Stefan aus dem Siepen présente "La Corde"
Les blés sont comme le bonheur […]. Quand le bonheur devient trop grand, le malheur n’est jamais loin.
C'est seulement lorsque la flûte se taisait qu'ils redevenaient attentifs, constatant avec un étonnement rétrospectif qu'à l'instant même ils se sentaient bien et que la cause de cet état avait disparu; dès que la mélodie reprenait, un infime sourire éclairait brièvement leur visage et ils étaient heureux de se laisser à nouveau enfermer dans un cocon sonore.
La corde est longue ! croyez-moi ! j’ai fait un bon bout de chemin, mais je n’ai pas trouvé l’autre extrémité
Sur l'étendue de terre parcourue de stries blanchâtres, les épis, tordus en tous sens, étaient couchés sur le sol; on aurait dit un lac fouetté par le vent, couvert d'une infinité de vagues et de remous, qui se serait figé au plus fort de la tempête.
Le soleil qui déclinait entre les troncs nimbait de rose sa silhouette, lui conférant une aura de dignité et de respectabilité dont elle était totalement dépourvue sous un éclairage normal.

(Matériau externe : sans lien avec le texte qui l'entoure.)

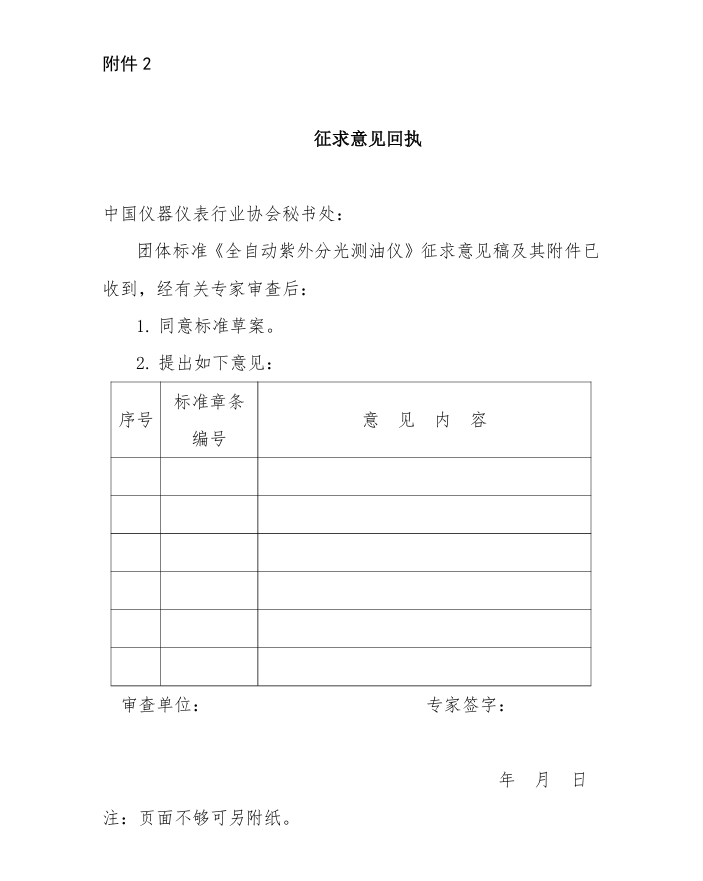2. 征求意見回執(zhí)—— 全自動(dòng)紫外分光測(cè)油儀
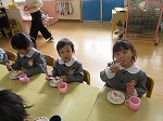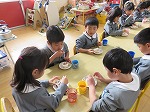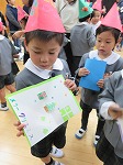 一人一人サンタさんからプレゼントをもらい、嬉しそうでした。お礼に歌とまつぼっくりツリーのプレゼントをしました。サンタさんと♪あわてんぼうのサンタクロースを歌い、大きく手を振ってサンタさんは帰っていきました。
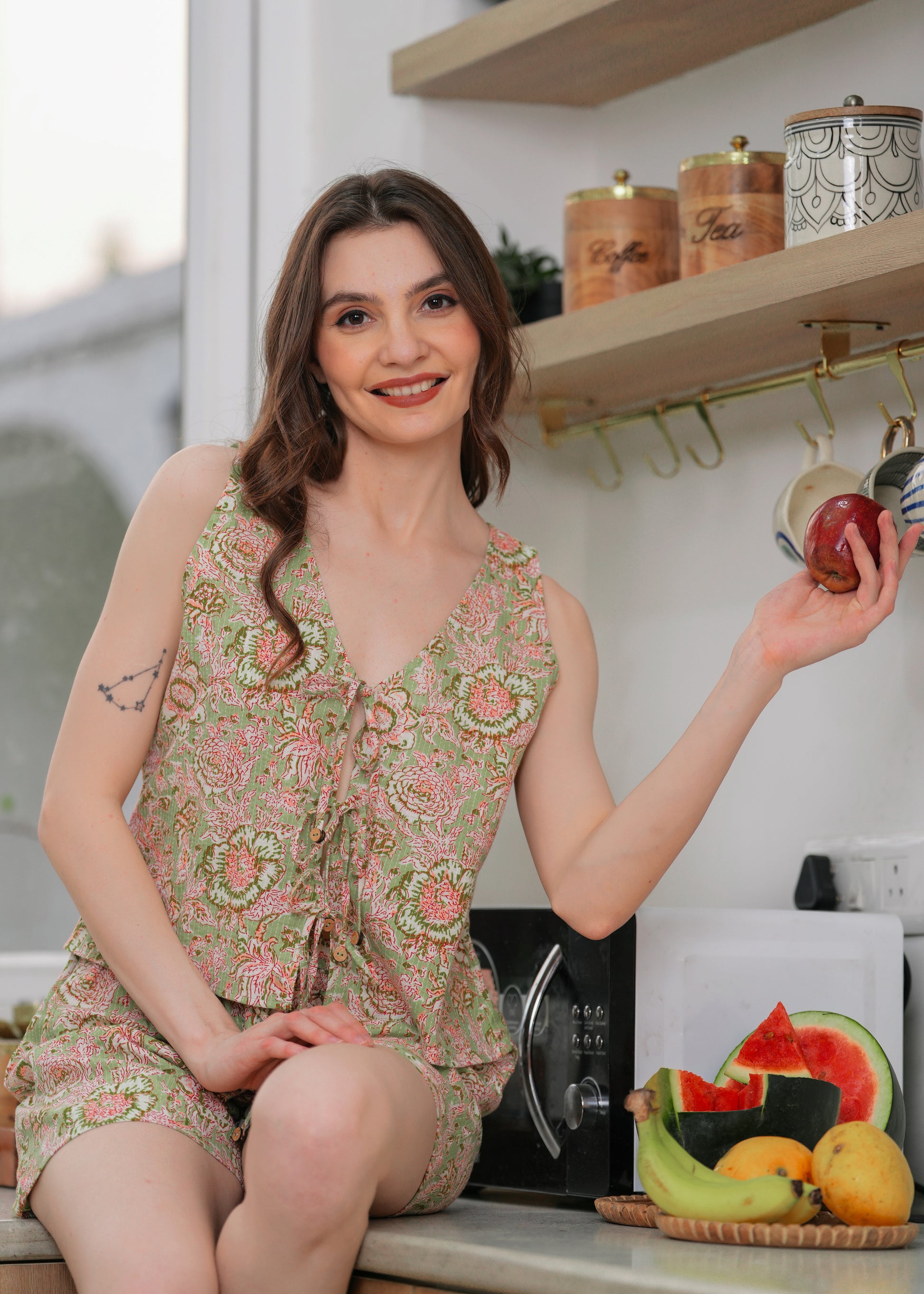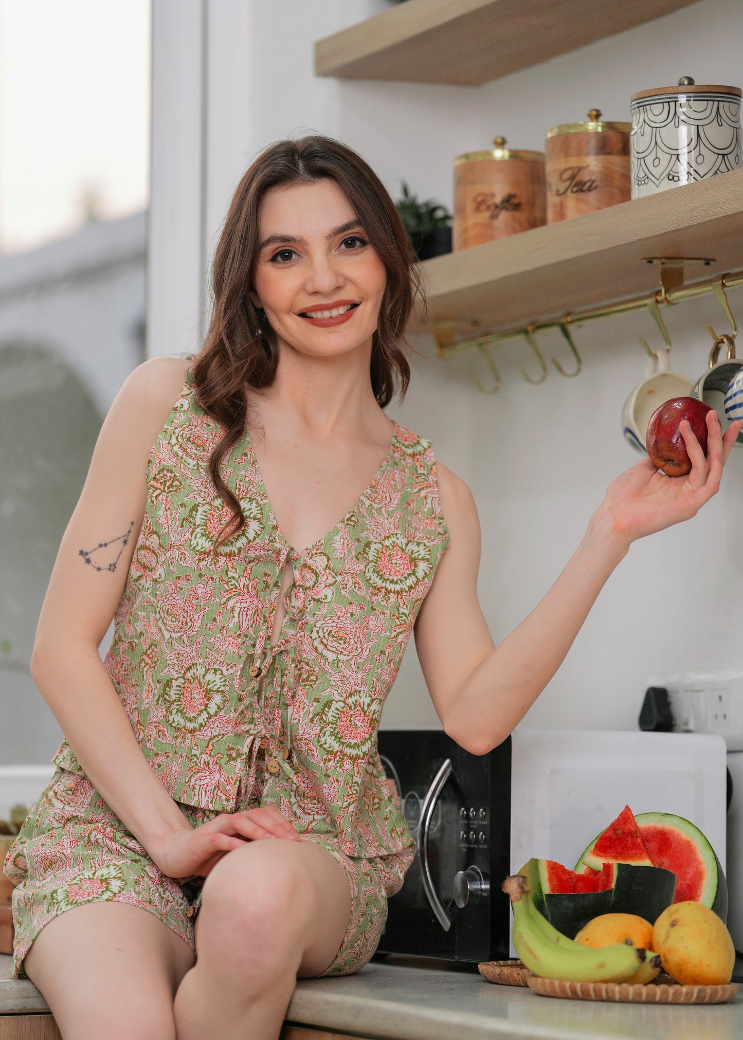 Green Printed Sleepwear Set with Front Knot

Le hurlement des loups se fit de nouveau entendre, s'étirant dans le soir, sinistre et incessant, parfois moins fort, s'abaissant jusqu'à n'être plus qu'un son ténu, presque geignard, un simple gémissement bientôt, avant d'enfler subitement, plainte modulée à pleine voix, qui, portant loin et perçant l'obscurité, parvenait par moments à recouvrir totalement les craquements du feu et le bruit du vent dans les arbres.
Une lune gris pâle se leva au-dessus des arbres, indifférente. Sachant pourtant que leurs maris ne reviendraient plus ce soir-là, les femmes trouvèrent réconfortant de patienter encore un petit moment
Rauk se leva de sa place et, ce qui le fit paraitre plus chétif encore, se plaça devant le tronc épais du tilleul afin de pouvoir embrasser du regard ses compagnons assis.
Les paysans étaient heureux. Sans cesse, ils fouillaient du regard le clair-obscur des taillis devant eux, ne se lassant pas du spectacle de la corde : tantôt luisante sous le soleil, on la voyait nettement courir sur le sol, tantôt on la perdait de vue, enfouie sous le brun éteint des feuilles sèches.
Ayant repris des forces durant la nuit, tous affrontaient cette nouvelle journée avec un mélange d’exubérance et de joyeuse impatience. Jusqu’à la fin de leur vie, ils parleraient à leurs enfants et petits-enfants de cette longue expédition vers l’inconnu, et ceux-ci la raconteraient à leur tour à leurs enfants et petits-enfants. Elle constituait le sommet de leur existence dans ces contrées reculées, une existence se déroulant dans une monotonie étouffante qu’aucun événement ou presque ne venait jamais rompre.